### WHAT YOU NEED TO DO
Reproduce the records below in full and exactly, without their images.

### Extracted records
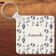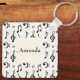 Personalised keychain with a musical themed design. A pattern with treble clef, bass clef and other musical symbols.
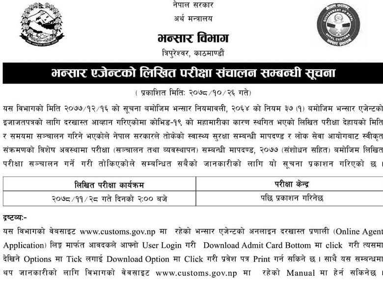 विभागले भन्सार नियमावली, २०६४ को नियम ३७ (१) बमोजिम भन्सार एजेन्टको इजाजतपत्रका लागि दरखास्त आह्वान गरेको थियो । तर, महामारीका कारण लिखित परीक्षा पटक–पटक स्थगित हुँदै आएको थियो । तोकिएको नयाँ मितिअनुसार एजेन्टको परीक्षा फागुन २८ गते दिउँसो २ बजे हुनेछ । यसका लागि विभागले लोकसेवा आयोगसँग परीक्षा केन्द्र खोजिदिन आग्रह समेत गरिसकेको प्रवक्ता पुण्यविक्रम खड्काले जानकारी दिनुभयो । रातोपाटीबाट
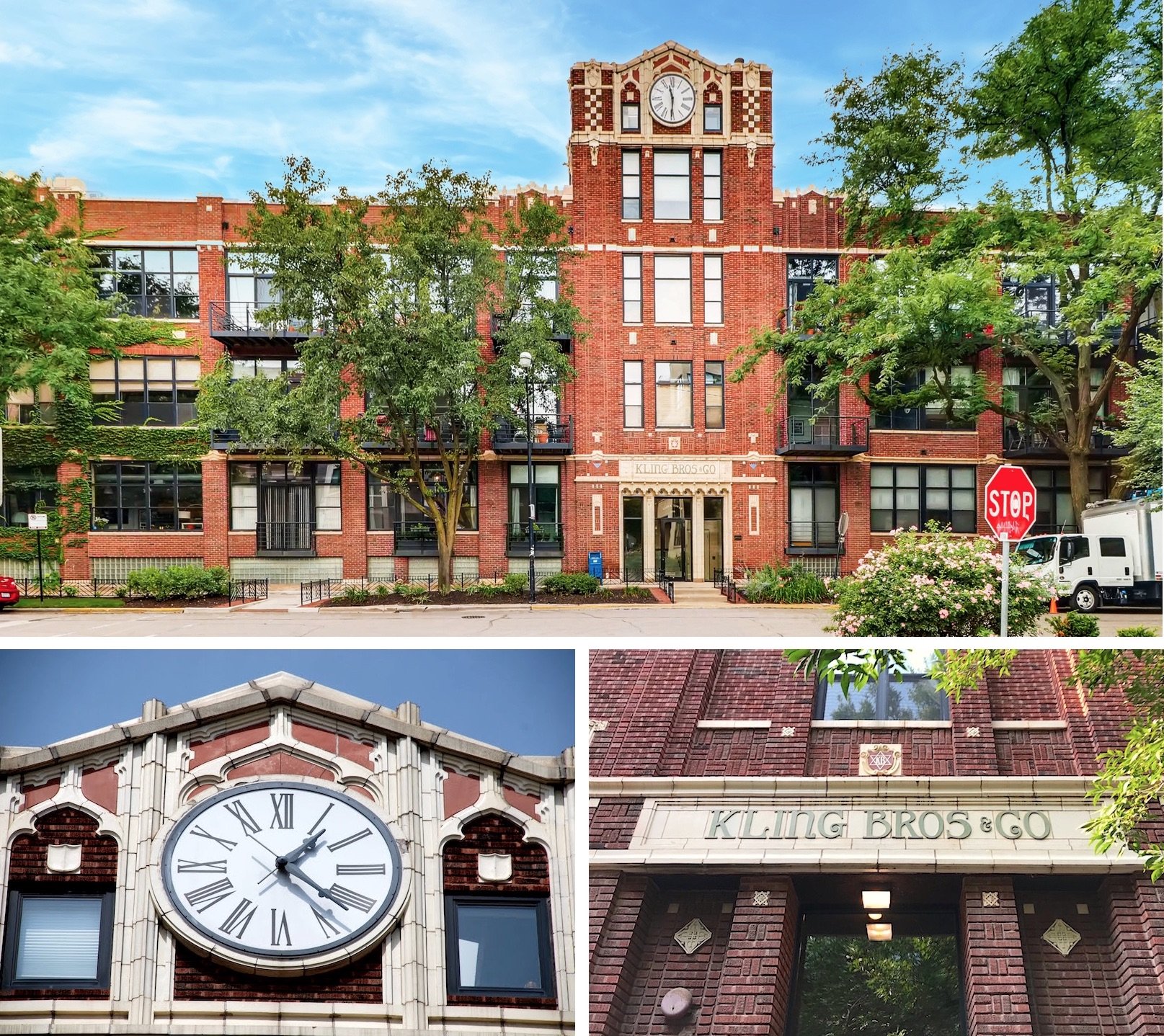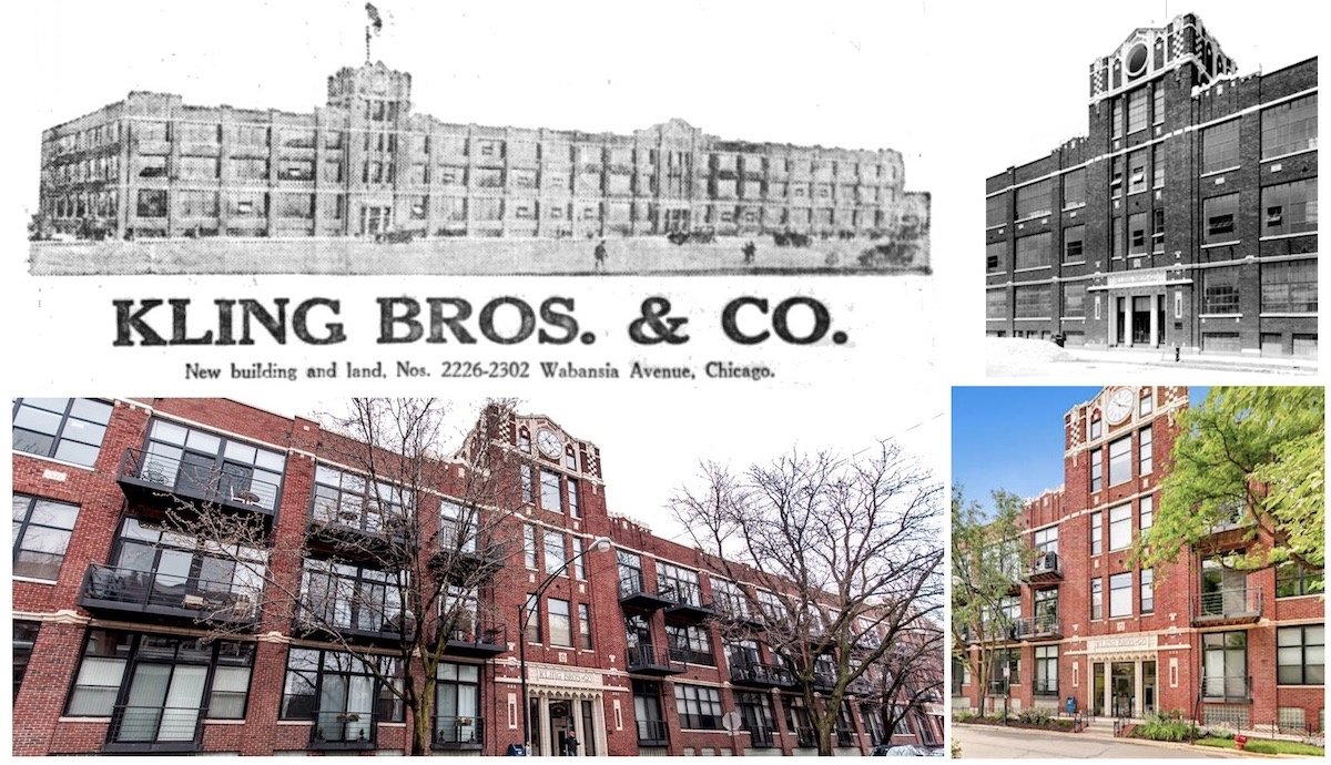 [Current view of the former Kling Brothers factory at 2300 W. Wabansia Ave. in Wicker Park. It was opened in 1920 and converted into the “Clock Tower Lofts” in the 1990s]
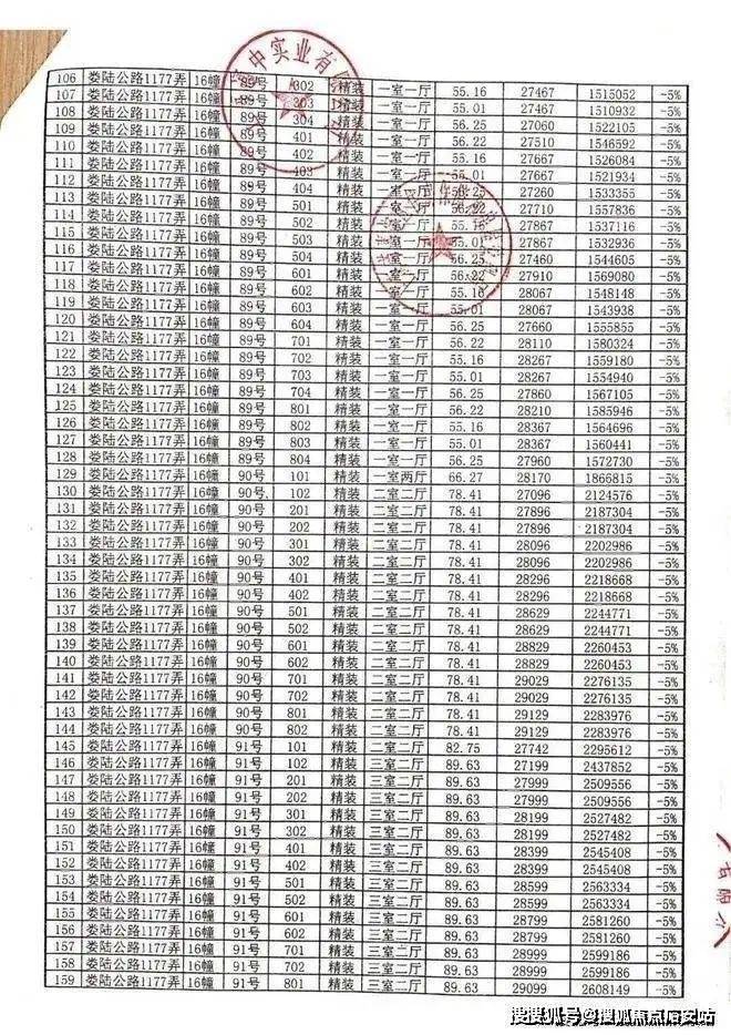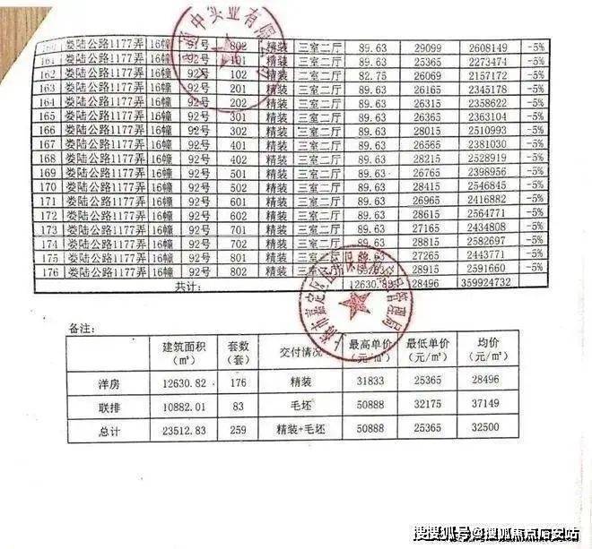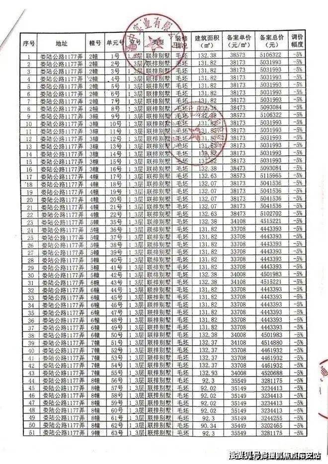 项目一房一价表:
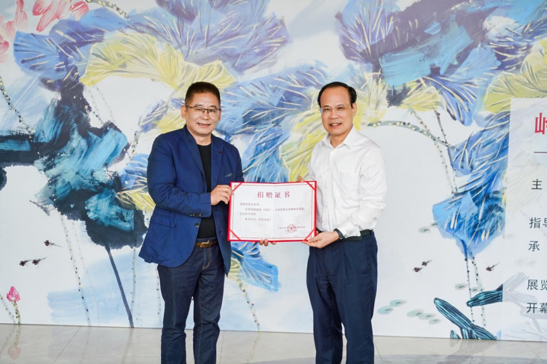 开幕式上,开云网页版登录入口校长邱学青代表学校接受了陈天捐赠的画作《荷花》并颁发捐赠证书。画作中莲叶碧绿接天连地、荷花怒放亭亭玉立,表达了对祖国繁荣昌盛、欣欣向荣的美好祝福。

### EXERCISE SOLUTION
 Personalised keychain with a musical themed design. A pattern with treble clef, bass clef and other musical symbols.
 विभागले भन्सार नियमावली, २०६४ को नियम ३७ (१) बमोजिम भन्सार एजेन्टको इजाजतपत्रका लागि दरखास्त आह्वान गरेको थियो । तर, महामारीका कारण लिखित परीक्षा पटक–पटक स्थगित हुँदै आएको थियो । तोकिएको नयाँ मितिअनुसार एजेन्टको परीक्षा फागुन २८ गते दिउँसो २ बजे हुनेछ । यसका लागि विभागले लोकसेवा आयोगसँग परीक्षा केन्द्र खोजिदिन आग्रह समेत गरिसकेको प्रवक्ता पुण्यविक्रम खड्काले जानकारी दिनुभयो । रातोपाटीबाट
 [Current view of the former Kling Brothers factory at 2300 W. Wabansia Ave. in Wicker Park. It was opened in 1920 and converted into the “Clock Tower Lofts” in the 1990s]
 项目一房一价表:
 开幕式上,开云网页版登录入口校长邱学青代表学校接受了陈天捐赠的画作《荷花》并颁发捐赠证书。画作中莲叶碧绿接天连地、荷花怒放亭亭玉立,表达了对祖国繁荣昌盛、欣欣向荣的美好祝福。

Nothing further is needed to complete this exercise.